BOFUは、見込み客が購入を検討している段階です。
具体的な製品情報や購入に関する詳細を提供し、見込み客が最終的な購入決定を行う手助けをします。この段階にいるユーザーにはデモや無料トライアル、顧客レビューなどを提供することでコンバージョンする可能性が上がります。
ファネルと広告
ファネルの各段階でユーザー層が異なることが分かりました。ユーザー層が異なるということは、それに対応させる広告も異なるということです。
ファネルの各段階ではどのような広告を配信するのが効果的か、以下で各段階ごとに解説していきます。
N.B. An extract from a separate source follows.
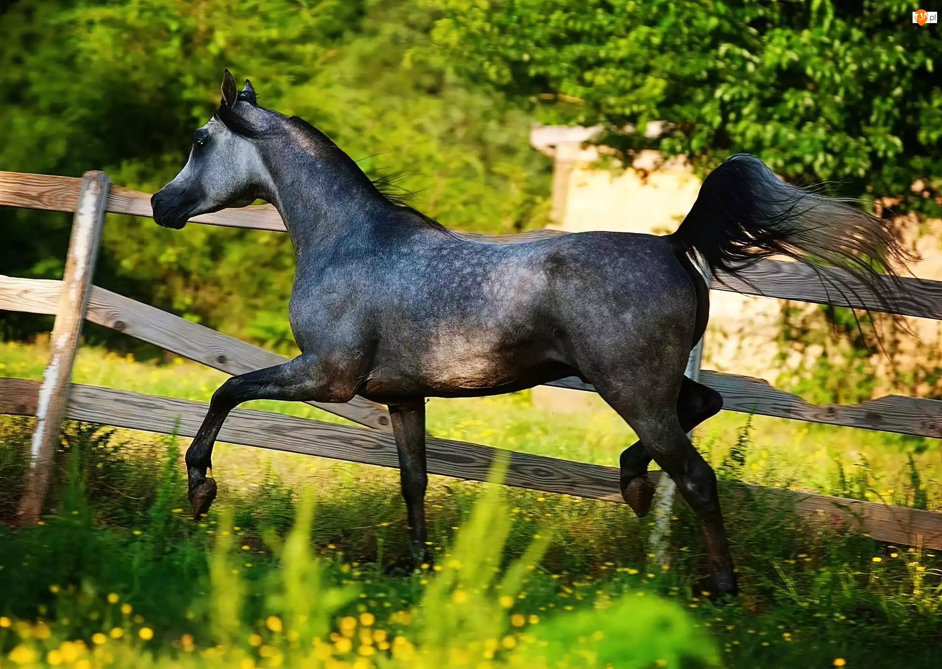 Koń, Zieleń, Rasowy, Ogrodzenie

ファネルに合わせて最適な広告を配信することで効果を高められます。
TOFU向け広告
TOFUの段階にいるユーザーは、まだ商品やサービスについて十分な情報を持っていないという特徴があります。そのため、この段階ではリーチ範囲を広く設定し、認知度を高め、興味関心を引くことが重要です。
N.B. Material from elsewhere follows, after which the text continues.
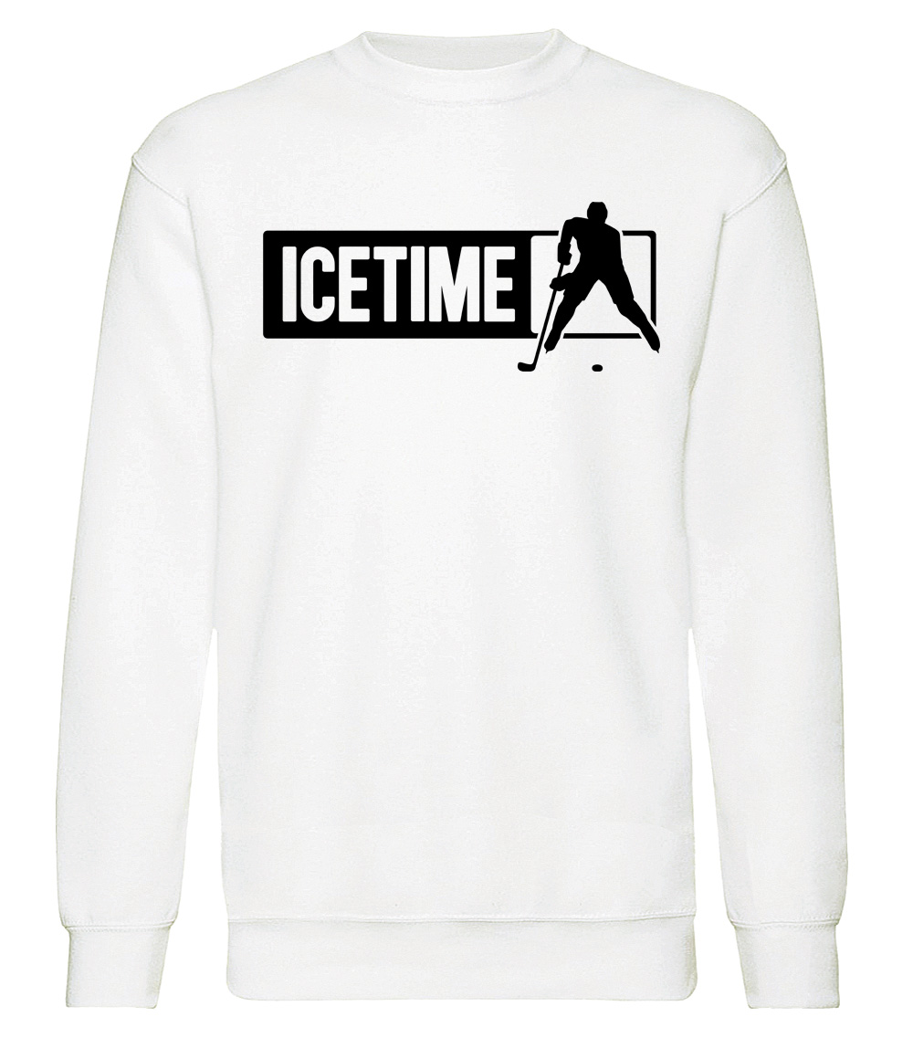 This premium blend sweatshirt displays our 'Icetime' design. The fabric weight is a 8.8 ounces and made from 65% ring spun cotton and 35% polyester. Wash on cold and air dry.

主な広告手段としては、ディスプレイ広告やSNS広告、動画広告などが有効です。
ディスプレイ広告は、多くのWebサイトやアプリで表示されますし、SNS広告もFacebook、Instagram、TwitterなどのSNSプラットフォームを活用できるので、どちらも多くのユーザーにリーチすることができます。さらに動画広告を活用すれば、視覚と聴覚の両方で効果的にアピールでき、広告想起率が上がるため、認知度を効率的に上げることができます。
また、クリエイティブのポイントとしては、ブランドを明確に伝えること、ターゲット層の興味を引くようなデザインやメッセージにすること、行動を促すCTA(Call to Action)を明確に表示することなどがあります。
これらの点に気を付けることで、TOFUのユーザー向けに効果的な広告を届けることができます。
MOFU向け広告
MOFUの段階にいるユーザーは、商品やサービスについてある程度理解し始めていますが、具体的な購入検討はまだ始めていない状態です。そのため、この段階ではより詳細な情報を提供し、検討を促すことが重要になります。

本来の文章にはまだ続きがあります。